The papers, your boss, your clients, the new intern... everyone's talking green. Thankfully, The Greenery gives you a daily update on what's going on environmentally in UK marketing, business, politics and science. Green things and marketing things, living in beautiful synthesis. Awesome.

Tuesday 13 November 2007

A busy day for Greenpeace.

Business

  • Intel has adopted the sunflower as the emblem of its new Penryn family of processors. Intriguingly, the sunflower has the power to pull lead from the soil - just as lead has been eliminated from the new processor.
  • More on the plastic bag ban in london...
  • Great article on the automotive industry and the pressures it faces from BusinessGreen

Advertising

  • A bizarre exchange of adverts is taking place in Kansas. Have a look here

Science

  • The Telegraph reports on hydrogen power, detailing a new method that relies on bacteria in a specially designed reactor that can efficiently produce hydrogen fuel from any type of biodegradable organic matter. The faces behind the science, Dr Shaoan Cheng and Prof Bruce Logan of Penn State University, report on their findings today in the Proceedings of the National Academy of Sciences.
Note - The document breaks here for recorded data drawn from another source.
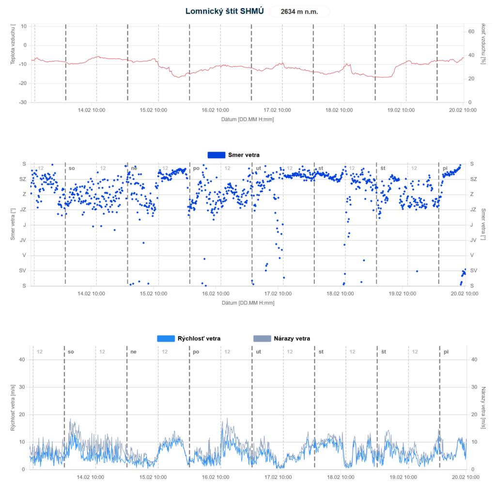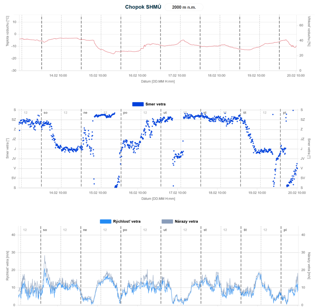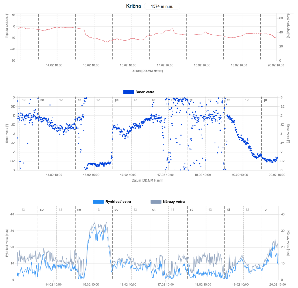 V sobotu 14.2 na Valentína vrcholilo teplé južné prúdenie, ktoré prinieslo zrážky, do výšky1400 – 1500 m vo forme dažďa. Nad touto hranicou pripadlo 10-15 cm nového snehu. V noci 14/15. feb prešiel Slovenskom intenzívny studený front, po ktorom sa ochladilo o viac ako 10°C. Hranica sneženia klesla až do kotlín a nížin. Zároveň sa zmenil vietor na severný a extrémne zosilnel. Na hrebeňoch (predovšetkým Veľkej Fatry) dosahovala rýchlosť vetra 30 až 35 m/s, čo znamená silu Orkánu. Na nasledujúcich grafoch jasne vidieť prechody frontov v podobe ochladenia, oteplenia, zmeny smeru a sily vetra:
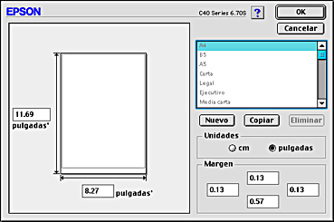 Seleccione el tamaño del papel que desee utilizar. Si desea definir un tamaño de papel personalizado, consulte Definir un tamaño de papel personalizado. |
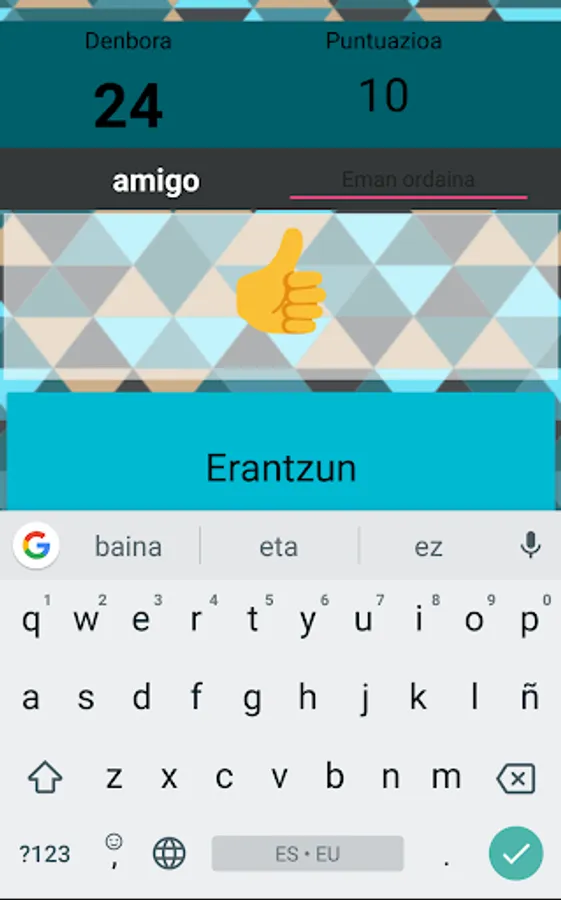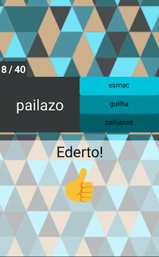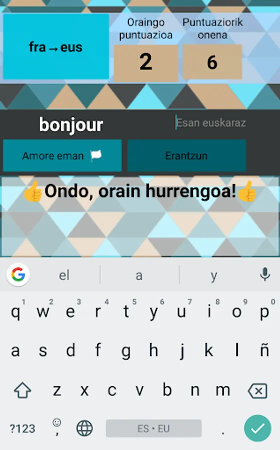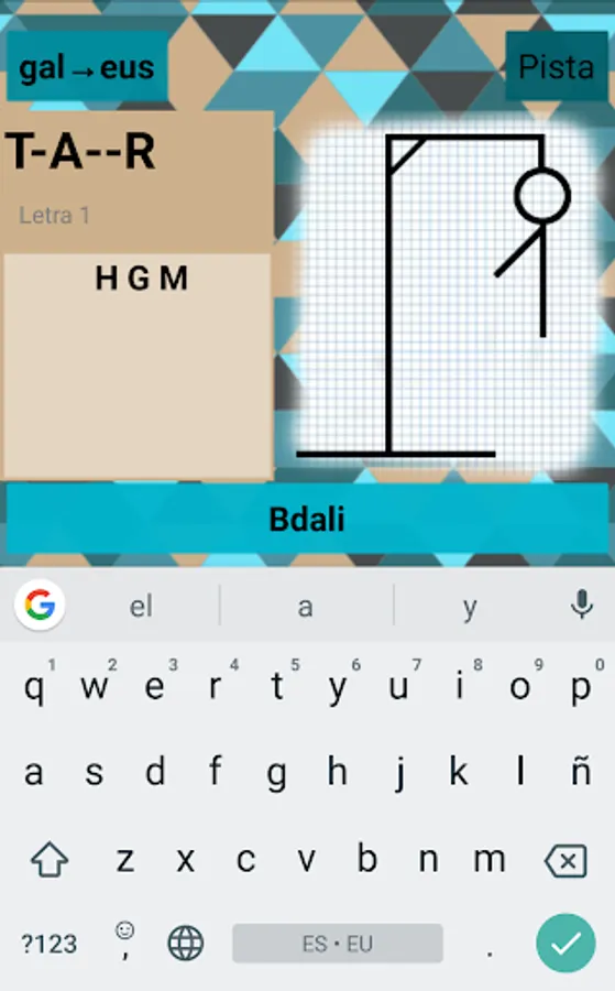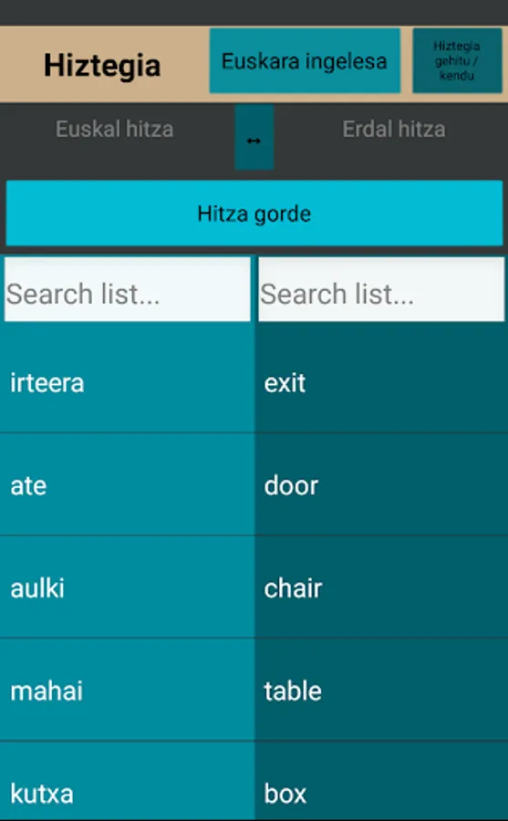 With this application you can learn words from the language you want through four games. To do this, you can enter the words you want to learn in the "My dictionaries" screen. In fact, it involves five dictionaries (Basque-Spanish, Basque-French, Basque-Gascony, Basque-English and Basque-Galician), but you can create or delete what you want. Remember, the more words you enter, the better.
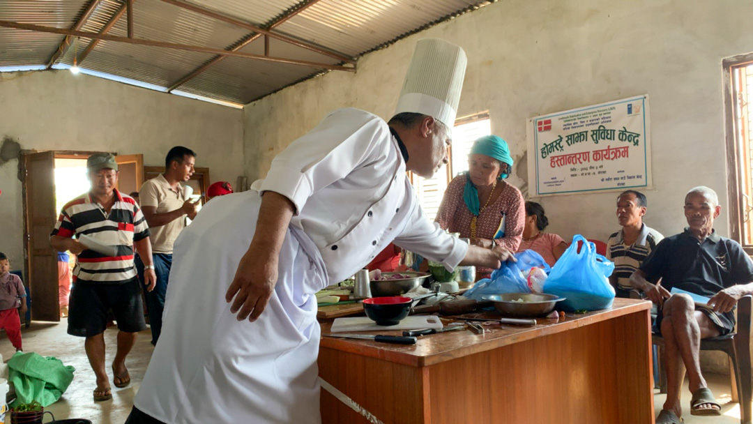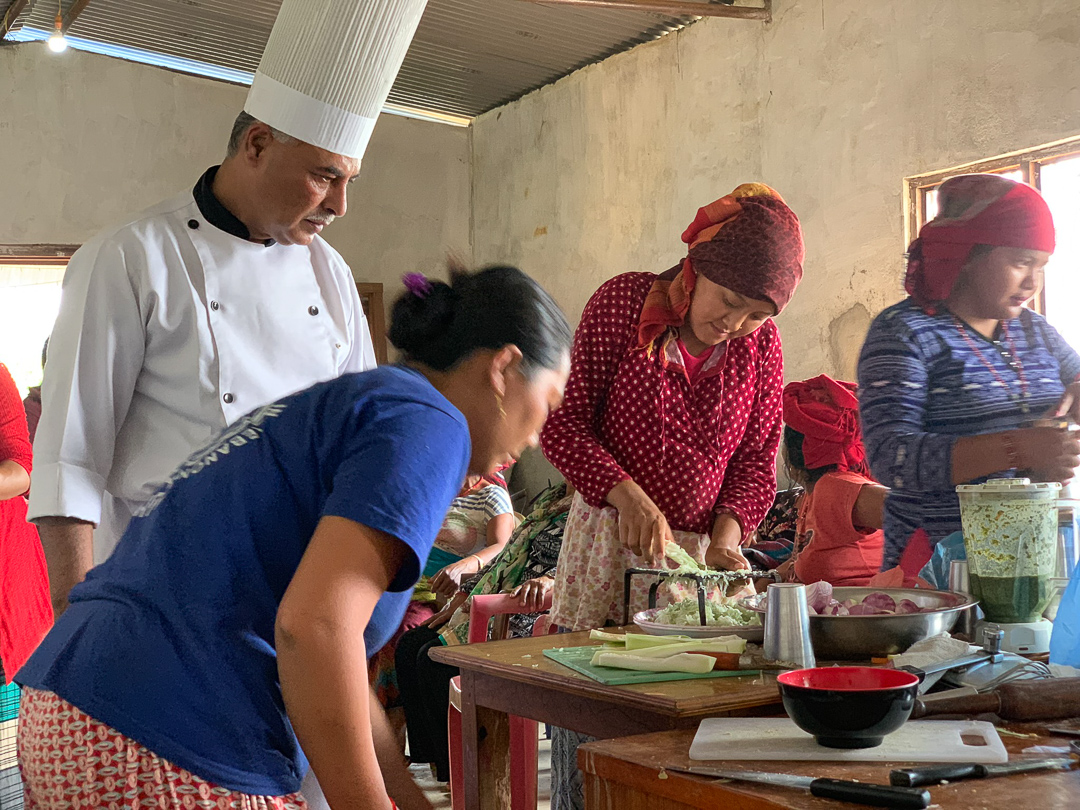 The citizens of Paslang learn proper cooking techniques for preparing food in "Nepal Home Stay" program. Sponsored by Nepali government to encourage tourism. The mayor of Gorkha as well as several dignitaries were on hand.
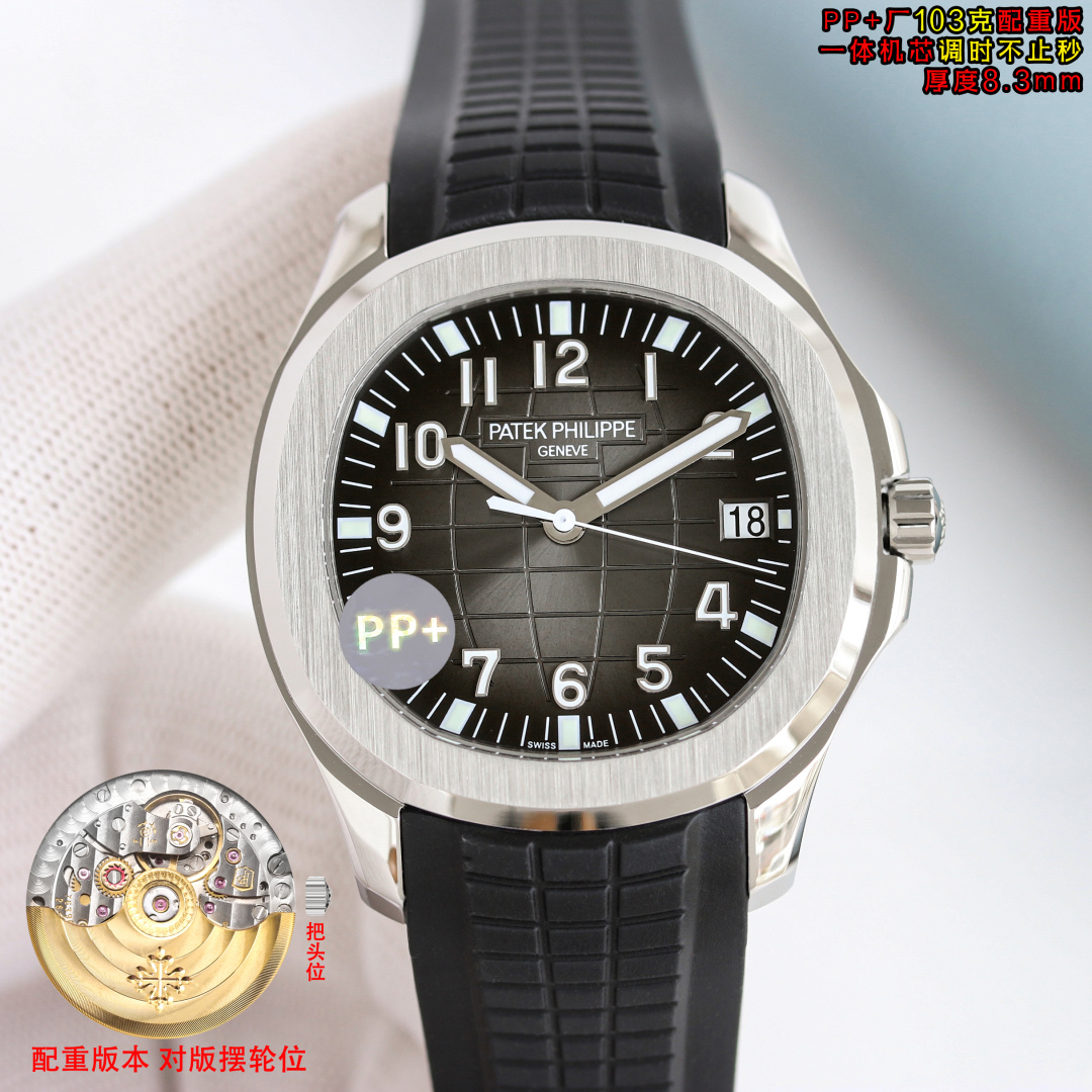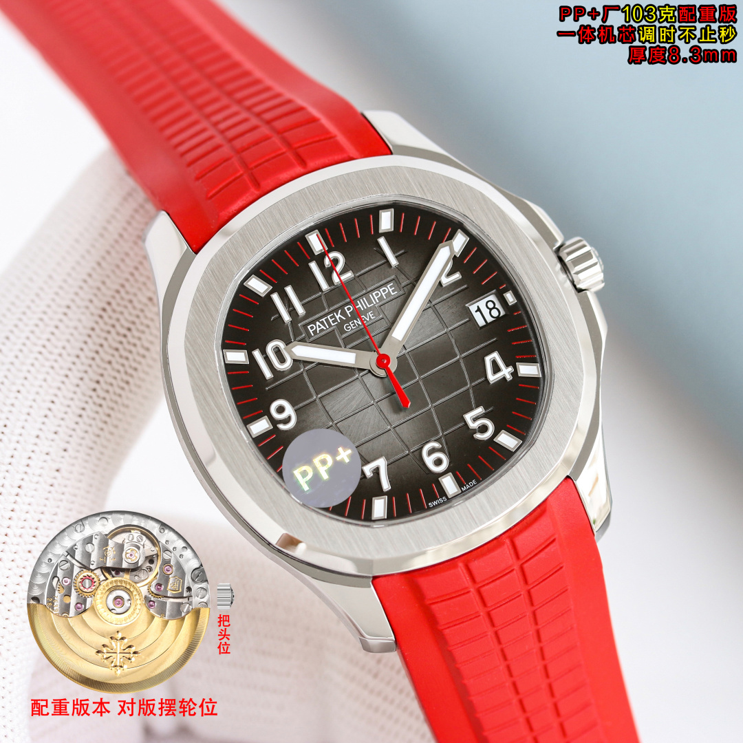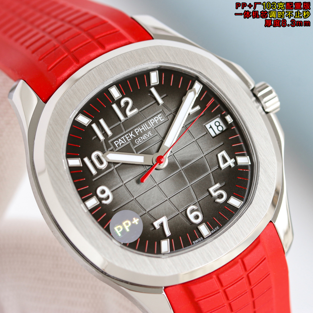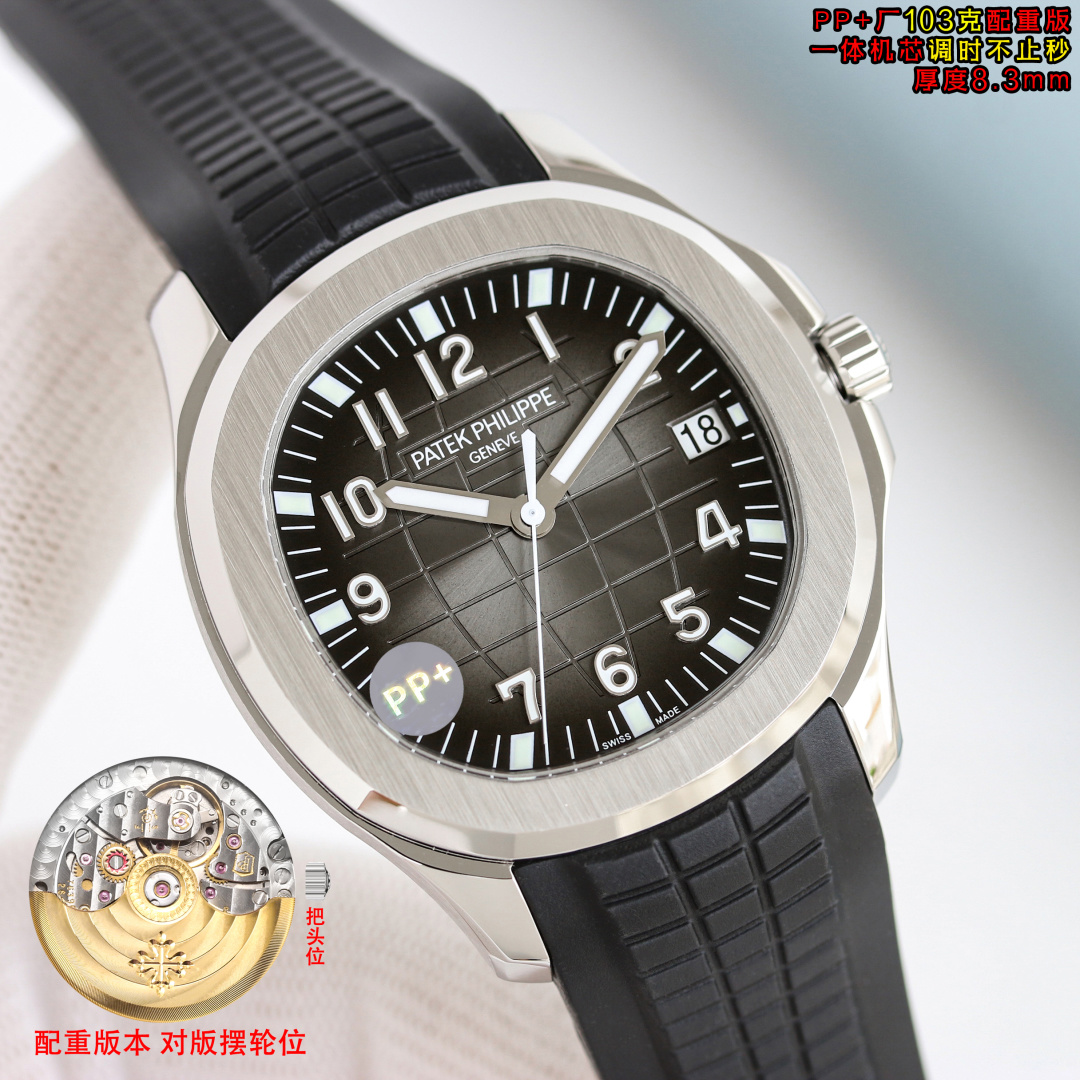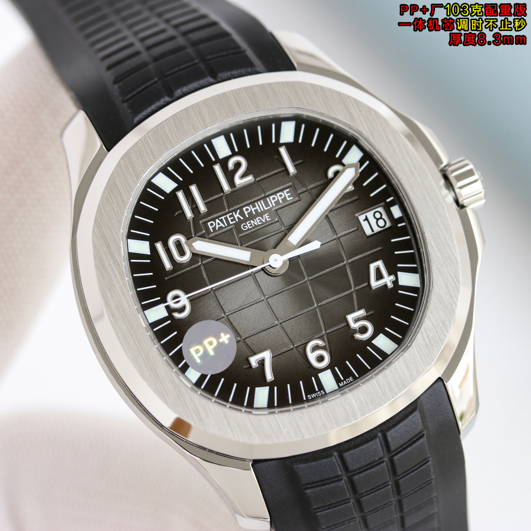 PP+ Factory 103g weighted ultra-thin 8.3mm watch with hacking seconds. Patek Philippe AQUANAUT 5167. 40mm case. 9015 movement modified to Cal.26-330 SC. Integrated case, gradient dial, luminous markers, fluor rubber strap, upgraded buckle.

And yes, following in the footsteps of great minds before them, the name is equally as complex as the theories behind it: electrohydrogenesis.

Politics
  • Greenpeace gives a heated response to the government's intention of offsetting it's flight emissions:
    "This is just plain hypocritical of the government," says Charlie Kronick. "Off-setting is a book-keeping trick that can't stop climate change, because once you've burned jet fuel at altitude there's absolutely nothing you can do to stop your emissions changing the climate. If ministers were serious about reducing greenhouse gases from aviation they'd shelve plans for new runways and airports."
    Not sure if I agreee with them about the value of offsetting, but their second point does have some validity. The govt needs to do a bit of joined-up thinking here.
  • British Prime Minister Gordon Brown and his visiting Hungary counterpart Ferenc Gyurcsany pledged on Monday to work together within the European Union to bring progress on economic, environmental and security issues. In a joint statement after bilateral talks at Downing Street No.10, Brown and Gyurcsany said the enlarged EU had the opportunity to become a "genuinely global player" with the signing of the EU Treaty at the informal European Council in Lisbon last month.
  • The UN Framework Convention on Climate Change Conference of the Parties will be held soon in Bali, to discuss the post-Kyoto framework. An extensive article from ths WBCSD can be found here.